27 Nisan'da hükümetin orduya karşı durmasını, cevap vermesini önemsiyorum ancak aynı hükümet kendi canına kasteden, bekasına kasteden, darbe yapmayı planlayan insanlara karşı bir soruşturma gücünü harekete geçirmeliydi. Ergenekon'un birinci iddianamesini okursanız savcılar başında güzel bir özet yapmış. Şuna inanmamız bekleniyor, Ümraniye'de el bombaları bulunuyor ve oradan hareketle zincirleme şu anki tabloya ulaşıldığı belirtiliyor. Ancak buna ihtiyaç yok. Abdullah Gül'le 2004'te yaptığımız bir sohbette, o zaman Dışişleri Bakanı'ydı, bana 'Sarıkız' kelimesini söyledi. Ben hiçbir şey anlamadım. Yıllar geçmesi gerekti Sarıkız'ın ne demek olduğunu anlamam için. Nokta dergisi 2007 yılında yayınlayınca darbe planlarını, 'Aaa' dedik, 'Meğer Sarıkız oymuş.'

ERBAKAN HEM DİRENDİ HEM DİRENMEDİ

28 Şubat'ta Erbakan hem direndi hem direnmedi. 28 Şubat'tan hemen sonraki Bakanlar Kurulu toplantısında Erbakan bakanlara MGK toplantısını anlatıyor ve savunuyor MGK'da alınan kararları. 'Hükümetimize karşı yayınlanmadı, biz de katılıyoruz alınan kararlara' mealinde şeyler söylüyor. MGK kararlarını imzalamadım dedi ancak ilk kez o belge yayınlandı, imzaladığı görülüyor. 'Ben onun son sayfasını imzaladım' gibi şeyler söyledi daha sonra.

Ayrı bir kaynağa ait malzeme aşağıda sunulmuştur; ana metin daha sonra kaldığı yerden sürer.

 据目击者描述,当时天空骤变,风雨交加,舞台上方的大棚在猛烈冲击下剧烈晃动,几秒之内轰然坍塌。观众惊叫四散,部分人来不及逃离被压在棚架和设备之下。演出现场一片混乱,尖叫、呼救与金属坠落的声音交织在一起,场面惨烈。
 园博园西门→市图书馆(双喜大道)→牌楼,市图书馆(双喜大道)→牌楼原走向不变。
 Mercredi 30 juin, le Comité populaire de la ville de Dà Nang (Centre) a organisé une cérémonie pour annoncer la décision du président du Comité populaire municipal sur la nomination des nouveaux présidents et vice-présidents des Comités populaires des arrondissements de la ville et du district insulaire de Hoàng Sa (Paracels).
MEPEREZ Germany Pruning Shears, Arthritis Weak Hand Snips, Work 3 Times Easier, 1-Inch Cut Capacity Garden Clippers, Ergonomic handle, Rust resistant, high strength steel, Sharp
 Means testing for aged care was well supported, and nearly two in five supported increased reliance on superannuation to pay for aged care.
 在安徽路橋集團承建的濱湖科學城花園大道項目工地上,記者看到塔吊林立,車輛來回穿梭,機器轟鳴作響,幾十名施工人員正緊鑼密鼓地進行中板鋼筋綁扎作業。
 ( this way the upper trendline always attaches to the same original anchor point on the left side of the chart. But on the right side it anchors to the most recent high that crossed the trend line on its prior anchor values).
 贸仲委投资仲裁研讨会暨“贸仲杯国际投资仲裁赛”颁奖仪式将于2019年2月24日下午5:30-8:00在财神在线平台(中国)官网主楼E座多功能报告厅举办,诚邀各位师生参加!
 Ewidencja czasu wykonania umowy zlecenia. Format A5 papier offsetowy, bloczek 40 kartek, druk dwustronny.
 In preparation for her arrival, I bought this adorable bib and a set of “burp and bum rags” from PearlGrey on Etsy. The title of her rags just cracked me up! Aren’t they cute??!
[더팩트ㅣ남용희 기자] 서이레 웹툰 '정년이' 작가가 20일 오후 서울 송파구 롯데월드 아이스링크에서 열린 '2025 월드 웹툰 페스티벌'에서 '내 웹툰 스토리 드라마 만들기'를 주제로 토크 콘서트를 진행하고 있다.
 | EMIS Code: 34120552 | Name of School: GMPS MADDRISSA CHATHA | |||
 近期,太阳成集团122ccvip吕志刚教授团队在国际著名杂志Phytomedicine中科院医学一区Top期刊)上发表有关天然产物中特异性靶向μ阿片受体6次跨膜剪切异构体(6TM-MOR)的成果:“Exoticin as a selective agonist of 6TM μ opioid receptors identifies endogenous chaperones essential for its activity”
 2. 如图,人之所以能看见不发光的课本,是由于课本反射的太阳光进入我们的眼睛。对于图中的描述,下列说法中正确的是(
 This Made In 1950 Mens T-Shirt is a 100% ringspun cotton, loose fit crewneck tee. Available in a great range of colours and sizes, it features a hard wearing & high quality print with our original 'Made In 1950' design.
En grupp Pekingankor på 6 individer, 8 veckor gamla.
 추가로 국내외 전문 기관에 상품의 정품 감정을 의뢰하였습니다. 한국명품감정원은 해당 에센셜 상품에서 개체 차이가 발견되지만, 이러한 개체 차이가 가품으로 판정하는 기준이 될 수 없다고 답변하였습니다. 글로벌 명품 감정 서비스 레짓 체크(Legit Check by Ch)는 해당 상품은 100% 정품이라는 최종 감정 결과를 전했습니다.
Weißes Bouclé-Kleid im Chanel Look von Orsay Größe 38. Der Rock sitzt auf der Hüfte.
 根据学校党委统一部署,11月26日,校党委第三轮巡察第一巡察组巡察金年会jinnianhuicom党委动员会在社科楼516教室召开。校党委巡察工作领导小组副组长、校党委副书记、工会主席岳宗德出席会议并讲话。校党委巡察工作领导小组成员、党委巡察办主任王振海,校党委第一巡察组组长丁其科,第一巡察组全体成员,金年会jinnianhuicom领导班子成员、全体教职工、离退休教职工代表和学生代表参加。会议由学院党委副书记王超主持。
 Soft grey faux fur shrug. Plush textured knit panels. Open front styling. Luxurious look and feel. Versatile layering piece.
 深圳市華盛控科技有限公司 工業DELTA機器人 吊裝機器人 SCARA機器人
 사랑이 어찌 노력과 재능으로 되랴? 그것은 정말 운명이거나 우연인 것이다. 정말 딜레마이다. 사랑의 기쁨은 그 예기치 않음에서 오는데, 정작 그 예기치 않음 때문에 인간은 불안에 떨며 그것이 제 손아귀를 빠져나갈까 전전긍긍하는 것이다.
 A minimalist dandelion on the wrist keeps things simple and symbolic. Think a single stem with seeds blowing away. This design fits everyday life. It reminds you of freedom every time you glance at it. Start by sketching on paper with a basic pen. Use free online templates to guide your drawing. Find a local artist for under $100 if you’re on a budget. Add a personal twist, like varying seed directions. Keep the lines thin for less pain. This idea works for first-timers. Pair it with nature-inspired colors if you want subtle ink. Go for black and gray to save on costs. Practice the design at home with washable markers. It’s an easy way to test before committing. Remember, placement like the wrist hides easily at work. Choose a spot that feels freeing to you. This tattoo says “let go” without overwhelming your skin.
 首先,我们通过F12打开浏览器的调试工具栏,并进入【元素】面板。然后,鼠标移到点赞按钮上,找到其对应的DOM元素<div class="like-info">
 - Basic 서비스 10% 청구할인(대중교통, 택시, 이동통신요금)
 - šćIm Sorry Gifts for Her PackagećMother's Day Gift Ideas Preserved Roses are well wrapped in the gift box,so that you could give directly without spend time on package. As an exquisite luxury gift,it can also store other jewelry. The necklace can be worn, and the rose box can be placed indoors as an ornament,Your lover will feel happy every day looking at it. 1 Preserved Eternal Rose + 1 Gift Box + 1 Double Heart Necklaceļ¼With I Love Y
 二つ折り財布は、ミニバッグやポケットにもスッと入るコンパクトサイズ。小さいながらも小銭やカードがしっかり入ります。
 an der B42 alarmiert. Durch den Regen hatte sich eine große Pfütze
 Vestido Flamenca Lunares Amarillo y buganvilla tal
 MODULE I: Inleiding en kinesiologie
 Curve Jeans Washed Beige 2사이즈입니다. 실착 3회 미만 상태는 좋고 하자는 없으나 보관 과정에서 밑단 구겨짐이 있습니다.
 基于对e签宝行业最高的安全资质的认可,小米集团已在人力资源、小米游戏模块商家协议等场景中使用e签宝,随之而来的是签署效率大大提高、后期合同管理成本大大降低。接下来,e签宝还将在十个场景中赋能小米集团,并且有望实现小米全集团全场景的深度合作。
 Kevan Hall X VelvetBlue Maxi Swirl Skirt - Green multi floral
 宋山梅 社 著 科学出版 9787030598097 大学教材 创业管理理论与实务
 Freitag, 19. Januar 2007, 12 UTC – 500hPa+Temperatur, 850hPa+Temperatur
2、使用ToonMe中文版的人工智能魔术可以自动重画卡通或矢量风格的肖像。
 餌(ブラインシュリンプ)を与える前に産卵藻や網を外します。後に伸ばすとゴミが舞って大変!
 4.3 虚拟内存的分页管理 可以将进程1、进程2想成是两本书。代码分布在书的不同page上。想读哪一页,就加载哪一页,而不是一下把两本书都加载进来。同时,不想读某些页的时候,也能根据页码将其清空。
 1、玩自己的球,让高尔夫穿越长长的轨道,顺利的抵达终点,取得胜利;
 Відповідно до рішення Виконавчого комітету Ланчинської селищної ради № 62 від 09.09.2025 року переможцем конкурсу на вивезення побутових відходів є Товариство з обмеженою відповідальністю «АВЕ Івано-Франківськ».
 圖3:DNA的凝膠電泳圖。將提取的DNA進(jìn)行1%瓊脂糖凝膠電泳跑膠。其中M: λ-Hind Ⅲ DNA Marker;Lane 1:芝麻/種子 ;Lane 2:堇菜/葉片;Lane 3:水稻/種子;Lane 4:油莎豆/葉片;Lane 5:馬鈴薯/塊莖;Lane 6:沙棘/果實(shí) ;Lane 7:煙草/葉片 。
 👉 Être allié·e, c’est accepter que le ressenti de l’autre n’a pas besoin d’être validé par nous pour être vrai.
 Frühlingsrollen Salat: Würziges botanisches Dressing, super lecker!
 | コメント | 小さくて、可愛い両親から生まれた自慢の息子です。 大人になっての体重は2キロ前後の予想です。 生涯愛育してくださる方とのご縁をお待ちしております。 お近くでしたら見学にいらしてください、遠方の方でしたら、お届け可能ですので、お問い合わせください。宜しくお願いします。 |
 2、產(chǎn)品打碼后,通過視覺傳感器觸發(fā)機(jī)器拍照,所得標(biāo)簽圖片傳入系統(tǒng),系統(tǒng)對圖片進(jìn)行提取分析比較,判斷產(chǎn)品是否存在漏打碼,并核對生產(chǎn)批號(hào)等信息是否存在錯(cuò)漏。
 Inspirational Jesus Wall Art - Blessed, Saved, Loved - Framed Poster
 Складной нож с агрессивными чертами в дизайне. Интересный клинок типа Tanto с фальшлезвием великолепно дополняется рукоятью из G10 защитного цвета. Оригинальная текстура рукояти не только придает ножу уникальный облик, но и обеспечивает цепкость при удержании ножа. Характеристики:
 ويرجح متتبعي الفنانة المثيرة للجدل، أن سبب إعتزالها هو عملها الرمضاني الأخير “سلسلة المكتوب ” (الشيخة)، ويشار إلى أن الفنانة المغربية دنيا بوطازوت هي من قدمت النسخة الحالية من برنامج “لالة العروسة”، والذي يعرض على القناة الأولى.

ÇETİN DOĞAN 'SİLAHLA DEĞİŞTİRİRİZ' DEDİ

28 Şubat'tan üç buçuk ay sonra hükümet değişti, o kadar da sürdü. DYP'de istifalar oldu, brifingler gerçekleşti, korkutmacalar oldu, 'Darbe yaparız, geliyoruz ha' dediler. 10 Haziran 1997 günü verilen bir brifingde 'Gerekirse bu hükümeti silahla değiştiririz' diye bir laf çıktı Genelkurmay'ın ağzından. Bunu söyleyen de yanlış hatırlamıyorsam o zamanin Harekat Başkanı Korgeneral Çetin Doğan'dı.

ÖZKASNAK NEŞELİ BİR SESLE 'GÖRDÜNÜZ MÜ?' DEDİ

1 Mart sabahı ne olup bittiğini anlamaya çalışıyoruz ve ben de Genelkurmay Sekreteri Tümgeneral Erol Özkasnak'ı aradım. Biraz geç de olsa döndü bana ve çok keyifli bir sesle şöyle dedi: 'Gördünüz mü İsmet Bey 21. yüzyılın ordusu yaptı mı nasıl yapıyor? Eski usül darbe filan kalmadı artık, biz post-modern dönemin ordusuyuz.' Post-modern darbe lafının kaynağı odur. Dönemin Genelkurmay 2. Başkanı Çevik Bir'in de bazı gazetecilere 'Yaptığımız post-modern darbedir' diye konuştuğunu biliyoruz. Müellifi onlar, bizler değiliz yani."